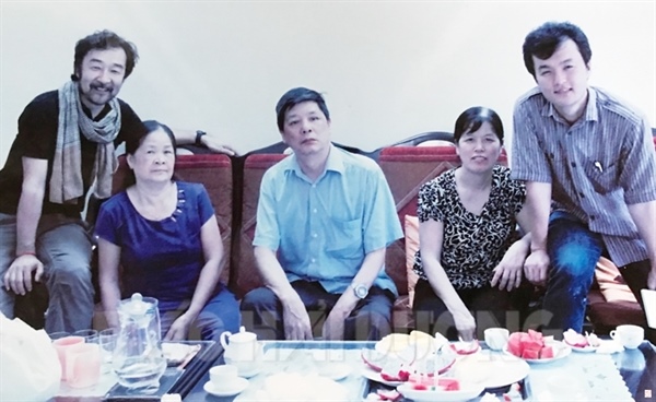Hai người Nhật Bản trong ê kíp của Hãng sản xuất chương trình truyền hình NDN thực hiện bộ phim "Đi tìm người lính trẻ năm ấy" chụp ảnh cùng gia đình cựu chiến binh Vũ Bình Minh năm 2015
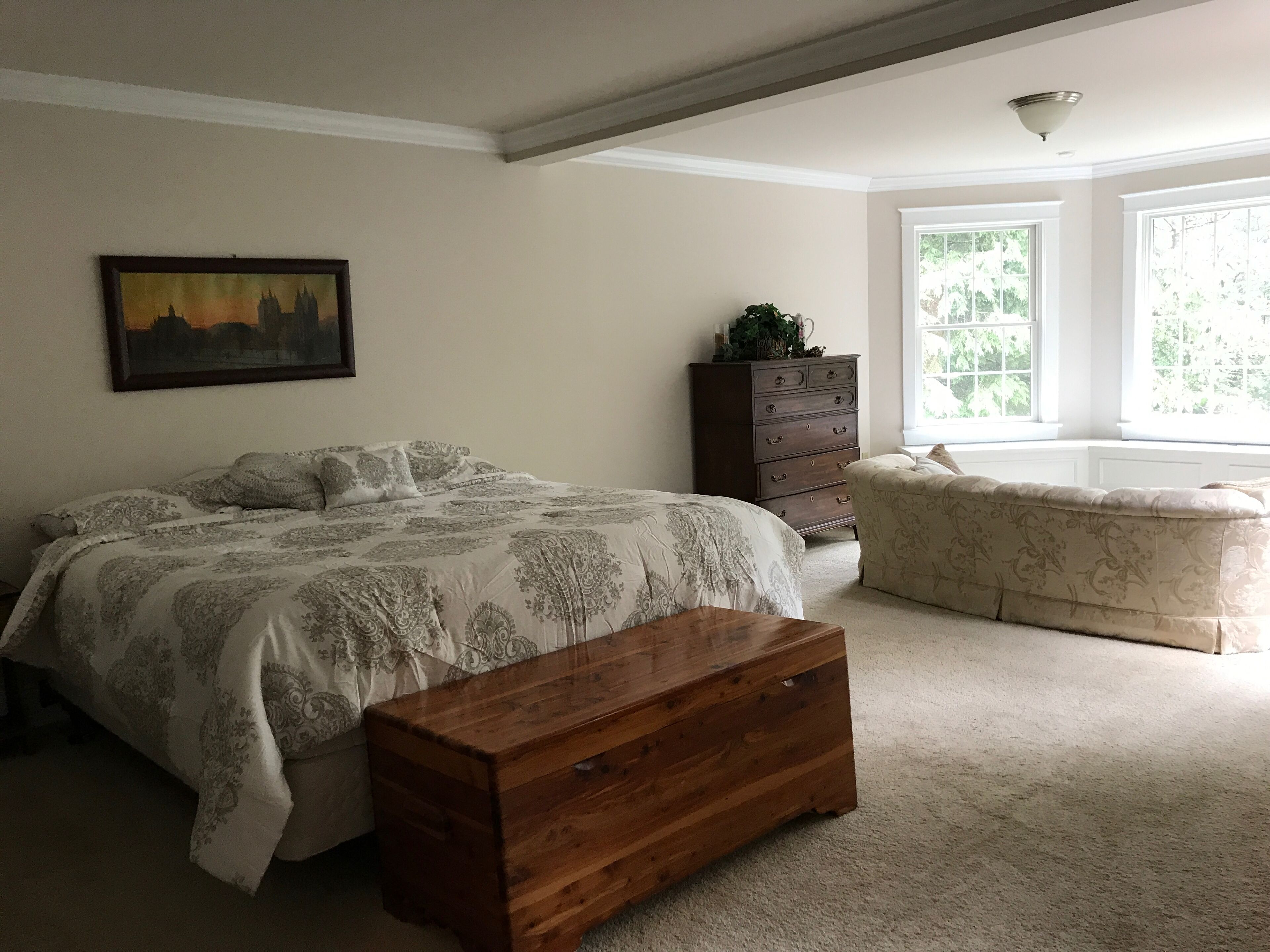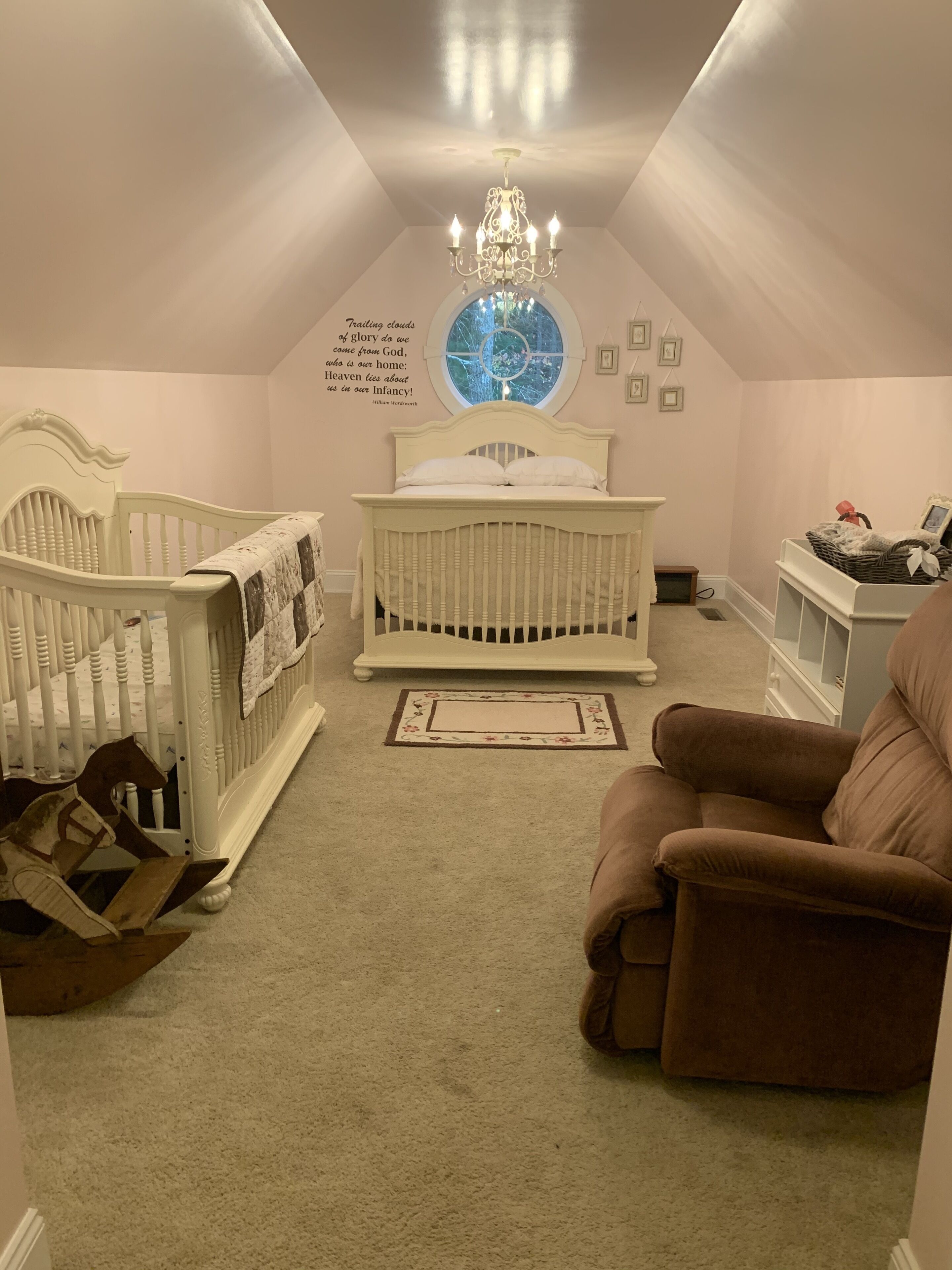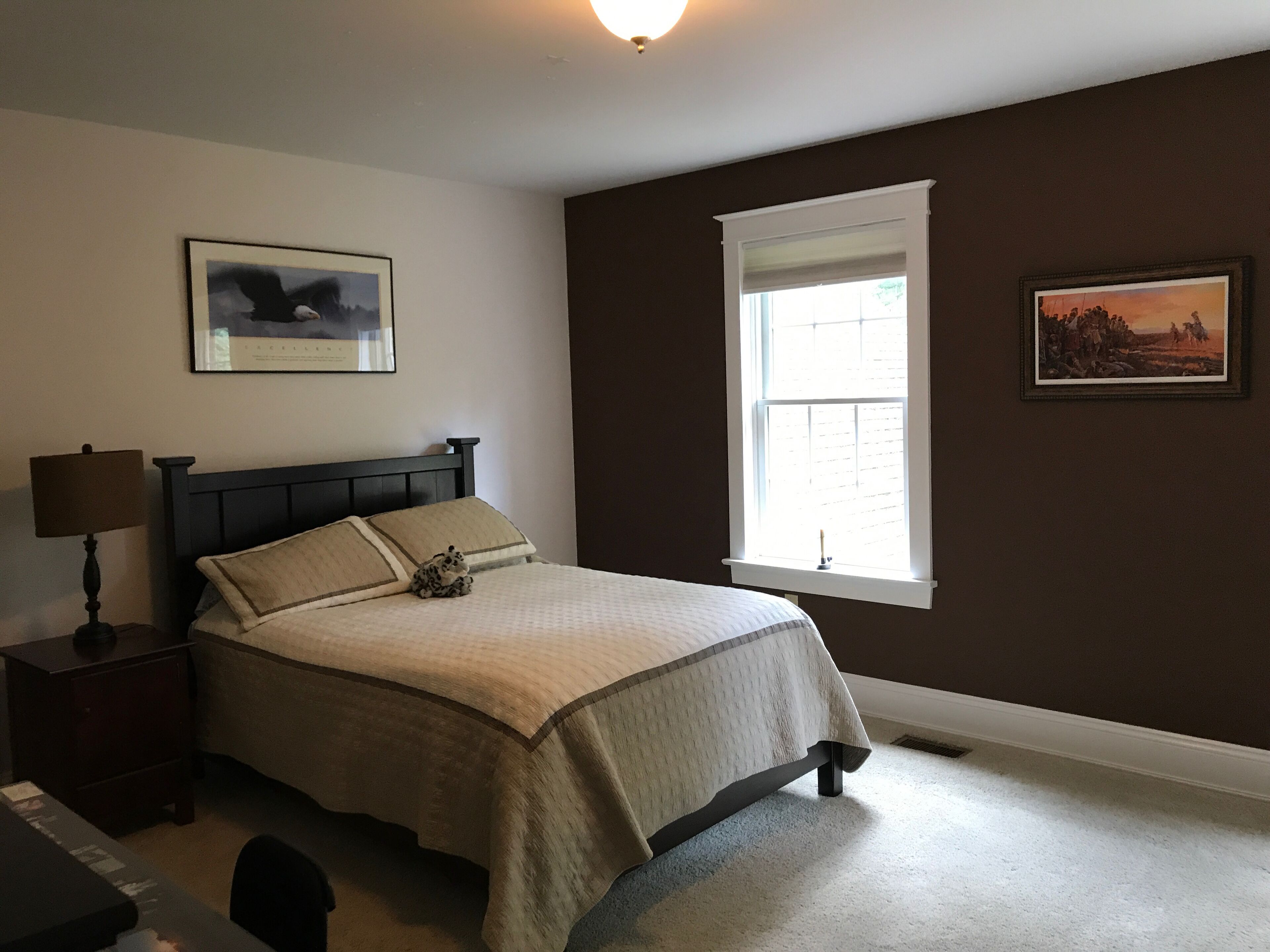 Gorgeous Colonial Home! Great for large family gatherings! Sleeps 25+ Please note- This home was designed and built with large family gatherings in mind. It is in a beautiful, secluded neighborhood where we are thoughtful of our neighbors. While joyful family noise and outdoor play are welcome, it is not to be rented for loud, boisterous, or rowdy partying. NO loud parties allowed. Please do not reserve this home for that purpose. Thank you. The Heritage Prívate. Plenty of space. Perfect. This 10 year-old, red-brick, early-American style home is located in the heart of Pennsylvania. Surrounded by wooded trails, and offering plenty of space indoors and out, this place is a perfect paradise for any get-away or retreat. Minutes from historic Williamsport, The Heritage boasts quick access to Millionaires row, downtown shopping, The International Little League Ballpark and Museum, and the stunning CAC (which often hosts mid-week Broadway shows for less). There are plenty of the most beautiful biking and hiking trails (including the paved path along the Susquehanna River) to enjoy and lots of hunting and fishing available nearby. If one wants to venture an hour or two from the home one finds World's End state park, Rickett's Glen, Eagle's Mere, Bald Eagle state park, Pine Creek, State College, Hershey, historic Harrisburg, Lancaster or "Amish Country", outlet shopping, skiing, and one of the world's best indoor water park in the Poconos. If one wants to venture 3 hours, a day trip to NYC, Washington DC, Philadelphia, Gettysburg, or Palmyra, NY is very doable.Features of the HomeThe kitchen is warm and beautiful with granite countertops, custom-made cabinetry, and distressed walnut flooring. There is plenty of counter space for creating and serving food. The kitchen is well-stocked with everything you need to host a large group or just be comfortable and cozy at home. There is a high chair and booster seat. The bedrooms have cozy carpet. The bathrooms are spacious and clean also with tile flooring & granite countertops throughout the home. There is a main floor washer/dryer and an upstairs washer/dryer that are for your use during your stay. The basement is unfinished except for the one finished bedroom and beautiful bath (with heated flooring!). It's equipped with rolling/riding toys and a stage for children but the best part of the basement is that it houses a full-size indoor slide! There’s a basketball hoop on the large, private driveway waiting for some good games!The home itself welcomes cozy couples or large groups with an inviting bedroom and bath on the main floor, plenty of bedrooms to be filled beyond that, and large areas for groups to comfortably gather. Beyond the main floor bedroom, which holds a queen-size bed and connects to a full bath, there is a bedroom downstairs, with a full-size bed and a gorgeous new bathroom with heated floors next to it. To get to this bedroom, one walks through the unfinished basement which has an indoor slide, toys, and other games available for your group’s enjoyment. Going upstairs instead, there is a second family room with sectional and TV. There are 4 more bedrooms on this floor. Two of the bedrooms are of bright color, girlish design and share a Jack and Jill bathroom and each has a twin size bed with a pull out twin size bed beneath. There are desks in each of these rooms and nice-size closets. One of these bedrooms does not have window coverings because it looks out onto forest and is completely private. Another bedroom on this floor is masculine decor, holds a full-size bed, has a large desk, small couch, and is attached to a full-size bath featuring regular and child-sized sinks. There is a small, charming, feminine room with a full-size bed and a matching crib at the end of the hall that shares that bathroom if needed. There’s a 2nd laundry room on this floor. The largest room in the home is this upstairs master bed room with a king-size bed, desk, couch, and it’s own full-sized bath featuring a jetted garden tub with private views of the forest. If one travels up the stairs from this floor (from the 2nd floor family room) to the “attic”, there is a large, open nursery/playroom with 3 twin size beds in it - each with a pull-out trundle bed (twin size) beneath. There are 2 very large bedrooms off this great room, each holding a full-size bed and a desk. All these upstairs beds share one large full bath in the attic, with a regular and child-size sink. As mentioned previously, there is one room with a crib. There is also a happy camper and a high chair and booster seat available for use- all are stored in the main floor laundry room to be used as needed. A king size blow up bed is also available for additional guests.Despite all it's inviting features, the very best of The Heritage may be the meandering stone patio, the delightful decks out back, and the beautiful windows that captivate visitors year-round with breathtaking, wooded views! Enjoy sunrise from the windows or deck! Take a morning walk on the historic logging trail that begins on the property, or take an evening stroll down the paved street in front of the property to enjoy a beautiful vista and watch sunset! Private. Plenty of space. Perfect. For an outdated, but beautiful, quality video tour google search: "the heritage tour ronin first flight". Patio has been finished since then.
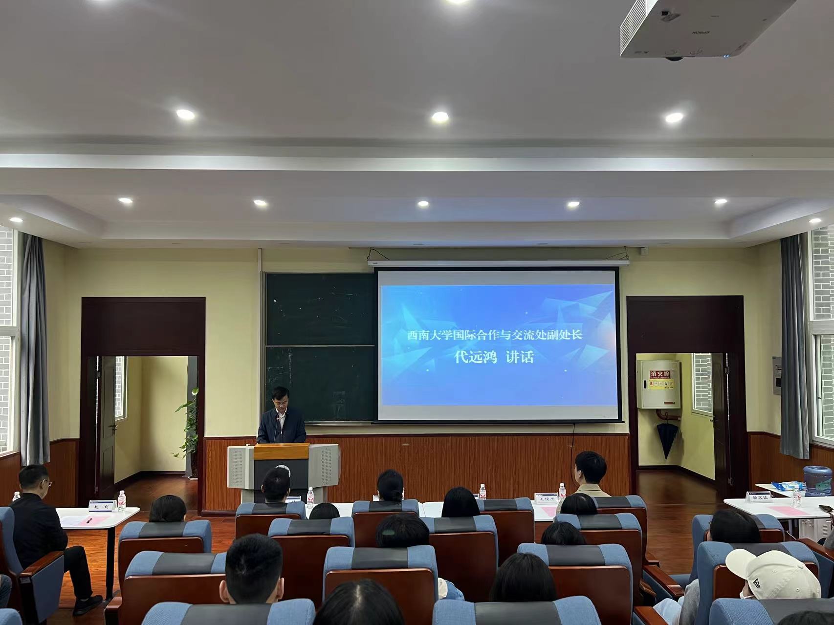扣扣传媒 国际合作与交流处代远鸿副处长代表学校对远道而来的秋令营成员表示欢迎。他向与会的泰国师生介绍了重庆及扣扣传媒 的国际化合作办学的基本情况,并表示学校与泰国孔敬大学和国光中学有着深厚的友谊和合作基础,在国际中文教育和中华优秀传统文化传播中发挥着良好作用,并希望此次来华学生能够认真学习、深入体验,全方位感知中华优秀传统文化的魅力。
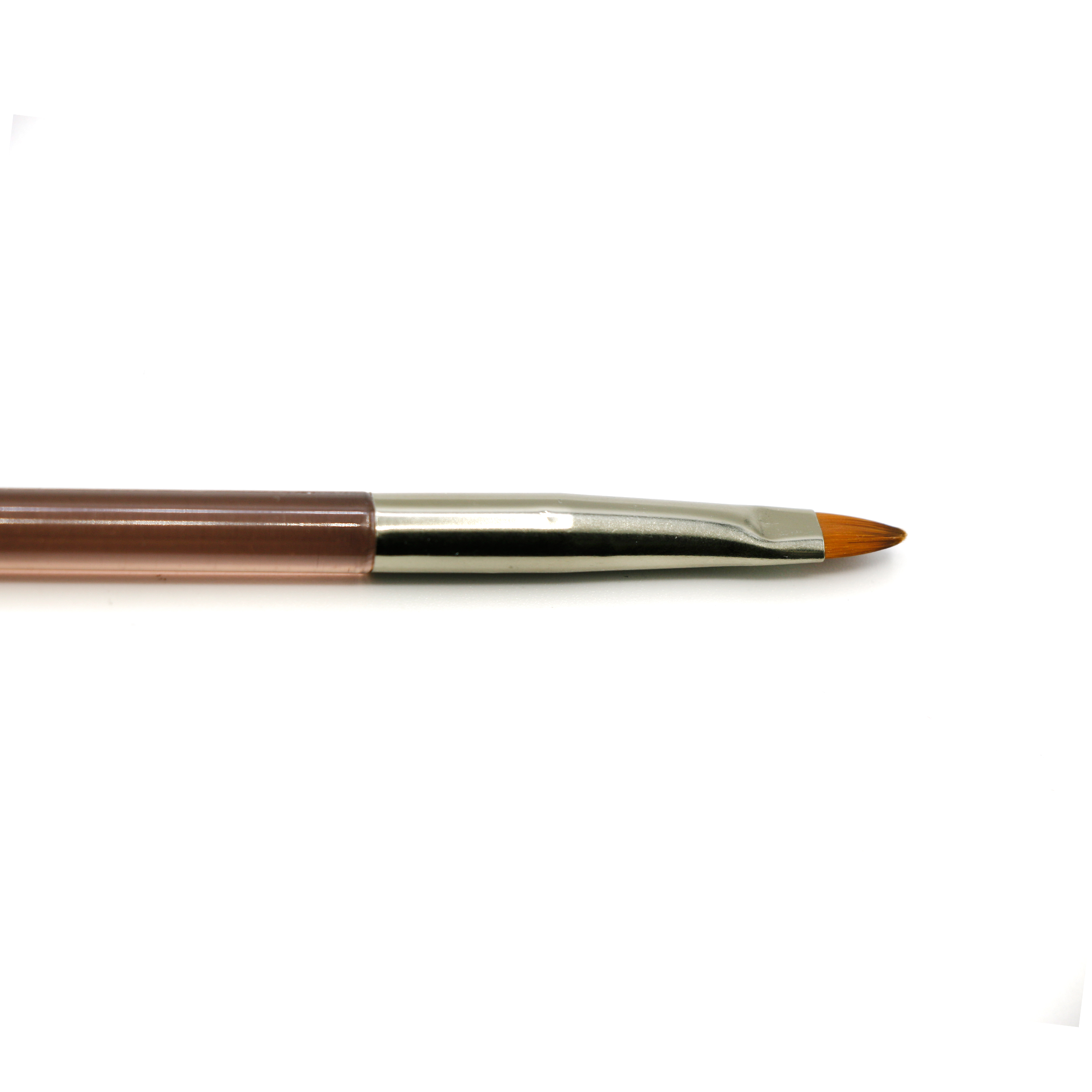 З одного боку пензлик короткий, овальної форми, що дозволяє викласти потрібну кількість матеріалу і правильно розподілити його по нігтьовій пластині.
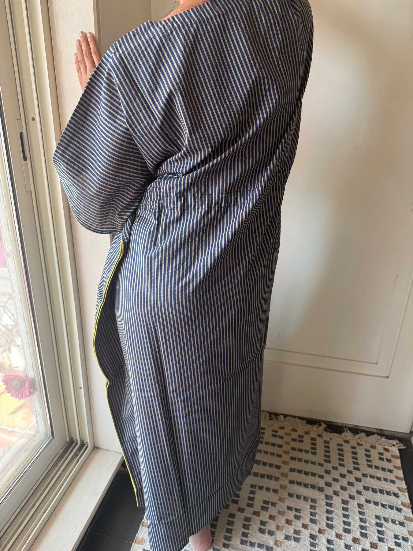 Lounge in style at home in this comfy cool Kaftan!! You will definitely fall in love with this elegant wear with a tie-up at the waist.
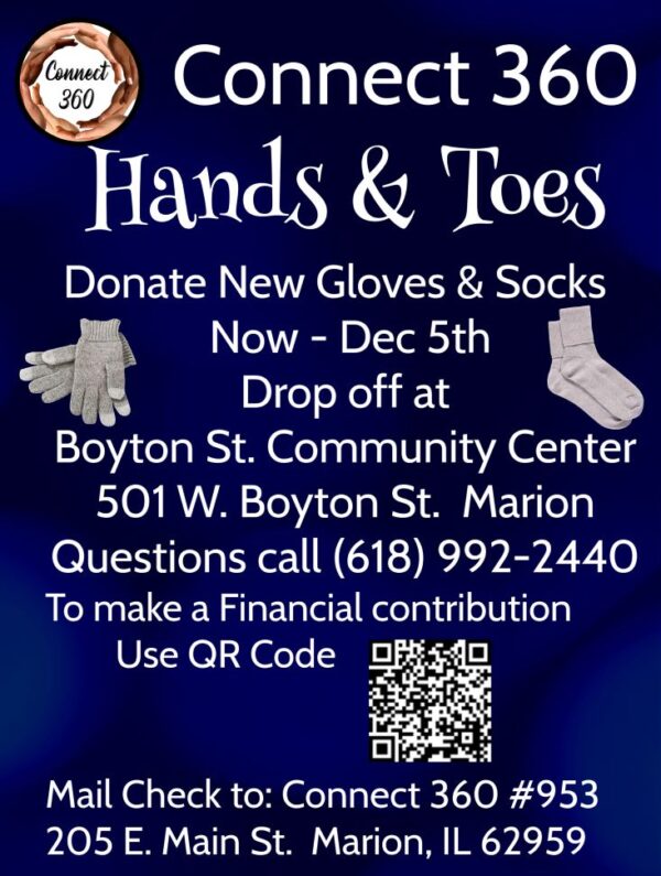Connect 360 Presents its 4th Annual Hands & Toes Event Donation accepted from Nov 1st – Dec 14, 2023 Drop off and pickup location Boyton Street Community Center 501 W. Boyton St, Marion IL Monetary Donations Accepted Make Checks payable to Connect 360 205 E. Main Unit 953 Marion, IL 62959 For more information please […]
###
PROBLEM REQUIREMENTS
Give back the material exactly as written, images excluded.

TASK OUTPUT
Hai người Nhật Bản trong ê kíp của Hãng sản xuất chương trình truyền hình NDN thực hiện bộ phim "Đi tìm người lính trẻ năm ấy" chụp ảnh cùng gia đình cựu chiến binh Vũ Bình Minh năm 2015
 Gorgeous Colonial Home! Great for large family gatherings! Sleeps 25+ Please note- This home was designed and built with large family gatherings in mind. It is in a beautiful, secluded neighborhood where we are thoughtful of our neighbors. While joyful family noise and outdoor play are welcome, it is not to be rented for loud, boisterous, or rowdy partying. NO loud parties allowed. Please do not reserve this home for that purpose. Thank you. The Heritage Prívate. Plenty of space. Perfect. This 10 year-old, red-brick, early-American style home is located in the heart of Pennsylvania. Surrounded by wooded trails, and offering plenty of space indoors and out, this place is a perfect paradise for any get-away or retreat. Minutes from historic Williamsport, The Heritage boasts quick access to Millionaires row, downtown shopping, The International Little League Ballpark and Museum, and the stunning CAC (which often hosts mid-week Broadway shows for less). There are plenty of the most beautiful biking and hiking trails (including the paved path along the Susquehanna River) to enjoy and lots of hunting and fishing available nearby. If one wants to venture an hour or two from the home one finds World's End state park, Rickett's Glen, Eagle's Mere, Bald Eagle state park, Pine Creek, State College, Hershey, historic Harrisburg, Lancaster or "Amish Country", outlet shopping, skiing, and one of the world's best indoor water park in the Poconos. If one wants to venture 3 hours, a day trip to NYC, Washington DC, Philadelphia, Gettysburg, or Palmyra, NY is very doable.Features of the HomeThe kitchen is warm and beautiful with granite countertops, custom-made cabinetry, and distressed walnut flooring. There is plenty of counter space for creating and serving food. The kitchen is well-stocked with everything you need to host a large group or just be comfortable and cozy at home. There is a high chair and booster seat. The bedrooms have cozy carpet. The bathrooms are spacious and clean also with tile flooring & granite countertops throughout the home. There is a main floor washer/dryer and an upstairs washer/dryer that are for your use during your stay. The basement is unfinished except for the one finished bedroom and beautiful bath (with heated flooring!). It's equipped with rolling/riding toys and a stage for children but the best part of the basement is that it houses a full-size indoor slide! There’s a basketball hoop on the large, private driveway waiting for some good games!The home itself welcomes cozy couples or large groups with an inviting bedroom and bath on the main floor, plenty of bedrooms to be filled beyond that, and large areas for groups to comfortably gather. Beyond the main floor bedroom, which holds a queen-size bed and connects to a full bath, there is a bedroom downstairs, with a full-size bed and a gorgeous new bathroom with heated floors next to it. To get to this bedroom, one walks through the unfinished basement which has an indoor slide, toys, and other games available for your group’s enjoyment. Going upstairs instead, there is a second family room with sectional and TV. There are 4 more bedrooms on this floor. Two of the bedrooms are of bright color, girlish design and share a Jack and Jill bathroom and each has a twin size bed with a pull out twin size bed beneath. There are desks in each of these rooms and nice-size closets. One of these bedrooms does not have window coverings because it looks out onto forest and is completely private. Another bedroom on this floor is masculine decor, holds a full-size bed, has a large desk, small couch, and is attached to a full-size bath featuring regular and child-sized sinks. There is a small, charming, feminine room with a full-size bed and a matching crib at the end of the hall that shares that bathroom if needed. There’s a 2nd laundry room on this floor. The largest room in the home is this upstairs master bed room with a king-size bed, desk, couch, and it’s own full-sized bath featuring a jetted garden tub with private views of the forest. If one travels up the stairs from this floor (from the 2nd floor family room) to the “attic”, there is a large, open nursery/playroom with 3 twin size beds in it - each with a pull-out trundle bed (twin size) beneath. There are 2 very large bedrooms off this great room, each holding a full-size bed and a desk. All these upstairs beds share one large full bath in the attic, with a regular and child-size sink. As mentioned previously, there is one room with a crib. There is also a happy camper and a high chair and booster seat available for use- all are stored in the main floor laundry room to be used as needed. A king size blow up bed is also available for additional guests.Despite all it's inviting features, the very best of The Heritage may be the meandering stone patio, the delightful decks out back, and the beautiful windows that captivate visitors year-round with breathtaking, wooded views! Enjoy sunrise from the windows or deck! Take a morning walk on the historic logging trail that begins on the property, or take an evening stroll down the paved street in front of the property to enjoy a beautiful vista and watch sunset! Private. Plenty of space. Perfect. For an outdated, but beautiful, quality video tour google search: "the heritage tour ronin first flight". Patio has been finished since then.
扣扣传媒 国际合作与交流处代远鸿副处长代表学校对远道而来的秋令营成员表示欢迎。他向与会的泰国师生介绍了重庆及扣扣传媒 的国际化合作办学的基本情况,并表示学校与泰国孔敬大学和国光中学有着深厚的友谊和合作基础,在国际中文教育和中华优秀传统文化传播中发挥着良好作用,并希望此次来华学生能够认真学习、深入体验,全方位感知中华优秀传统文化的魅力。
 З одного боку пензлик короткий, овальної форми, що дозволяє викласти потрібну кількість матеріалу і правильно розподілити його по нігтьовій пластині.
 Lounge in style at home in this comfy cool Kaftan!! You will definitely fall in love with this elegant wear with a tie-up at the waist.
Connect 360 Presents its 4th Annual Hands & Toes Event Donation accepted from Nov 1st – Dec 14, 2023 Drop off and pickup location Boyton Street Community Center 501 W. Boyton St, Marion IL Monetary Donations Accepted Make Checks payable to Connect 360 205 E. Main Unit 953 Marion, IL 62959 For more information please […]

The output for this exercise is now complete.